Ist der Schuldner in Verzug, dann kann der Gläubiger eine Leistungsklage gegen den Schuldner erheben. Hat die Klage erfolgt, dann ergeht ein Urteil.

Die Klage gegen den Schuldner ist grundsätzlich an seinem Wohnsitz zu erheben.

Das Gericht, bei dem eine Person ihren allgemeinen Gerichtsstand hat, ist für alle gegen sie zu erhebenden Klagen zuständig (§ 12 ZPO@). Der allgemeine Gerichtsstand einer Person wird durch den Wohnsitz bestimmt (§ 13 ZPO@).

Hat der Schuldner keinen Wohnsitz, dann wird der allgemeine Gerichtsstand durch den Aufenthaltsort im Inland und, wenn ein solcher nicht bekannt ist, durch den letzten Wohnsitz bestimmt (§ 16 ZPO@).

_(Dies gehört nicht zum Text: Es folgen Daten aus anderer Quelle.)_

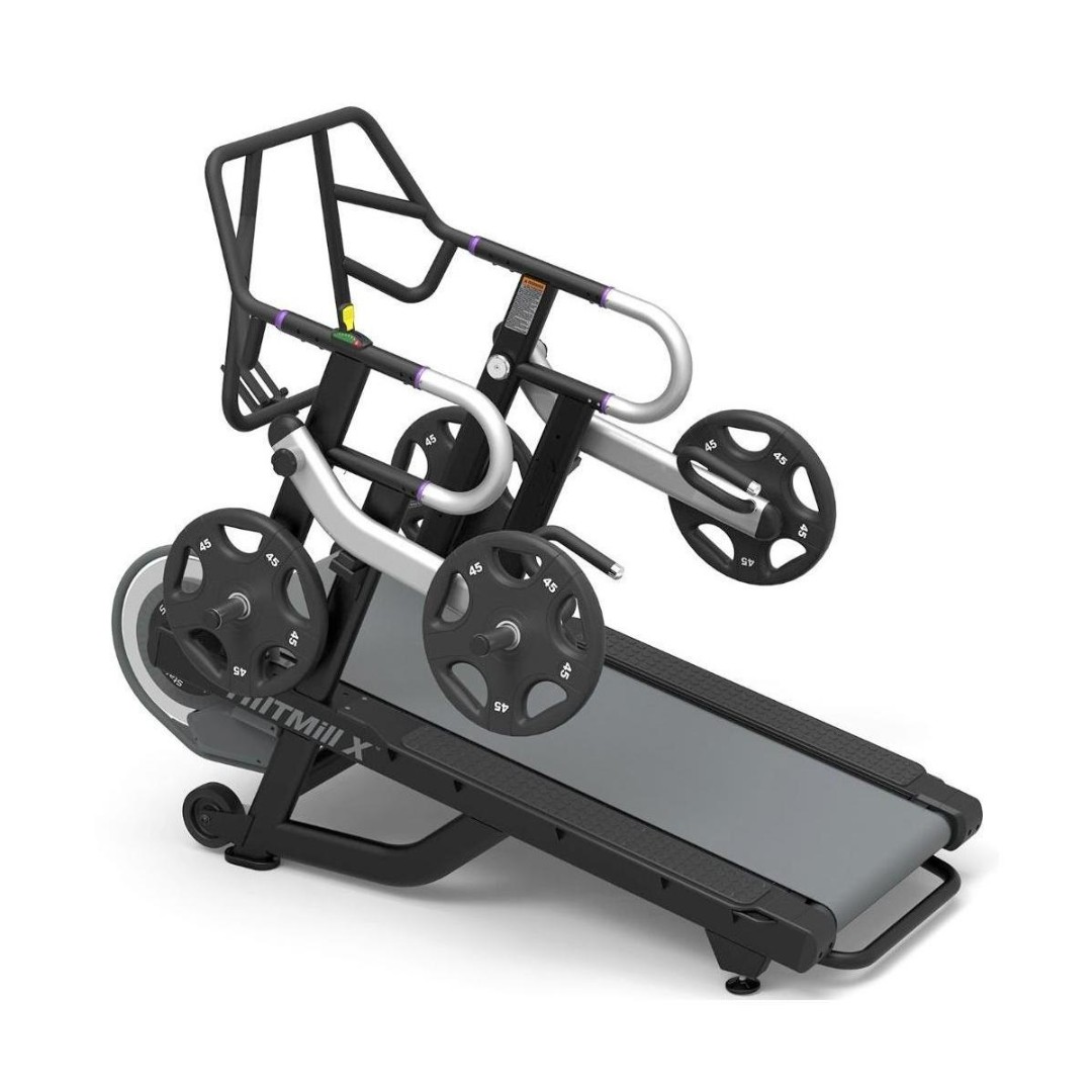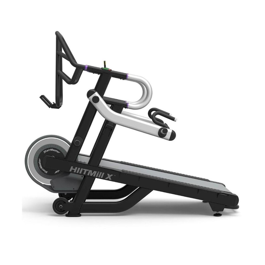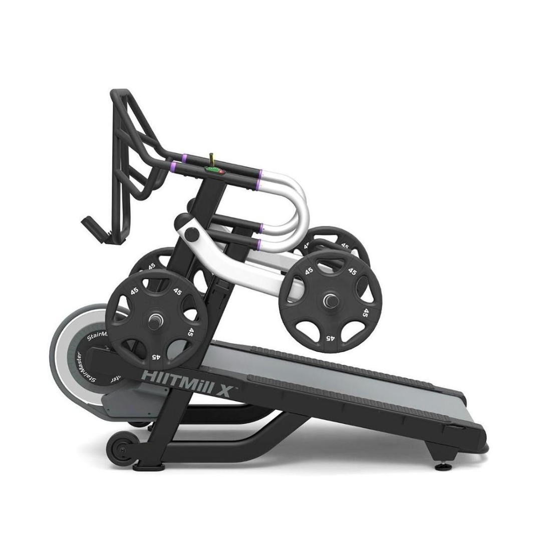Беговая дорожка HIITMILL– революционное решение от StairMaster. Эта профессиональная модель сочетает в себе силовые и кардионагрузки — спортсмен перемещается по беговому полотну, удерживая рычаги с дисками. В тренировку одновременно вовлекаются мышцы ног, пресса и спины.
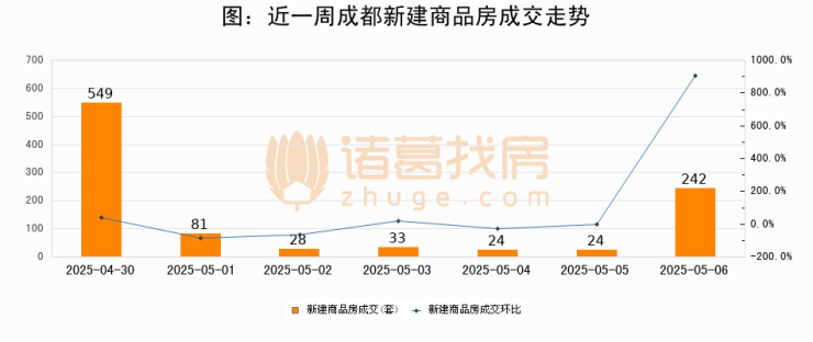 根据成都市住房和城乡建设局数据显示,2025年05月06日成都新建商品房成交242套,较昨日增加218套,环比上涨908.3%

Ist der Schuldner eine juristische Person, wird der allgemeine Gerichtsstand durch ihren Sitz bestimmt. Als Sitz gilt, wenn sich nichts anderes ergibt, der Ort, wo die Verwaltung geführt wird (§ 17 ZPO@).

Für Streitigkeiten aus einem Vertragsverhältnis und über dessen Bestehen ist das Gericht des Ortes zuständig, an dem die streitige Verpflichtung zu erfüllen ist (§ 29 ZPO@). Anknüpfungspunkt für diesen Gerichtsstand ist der Erfüllungsort (siehe Gerichtsstand).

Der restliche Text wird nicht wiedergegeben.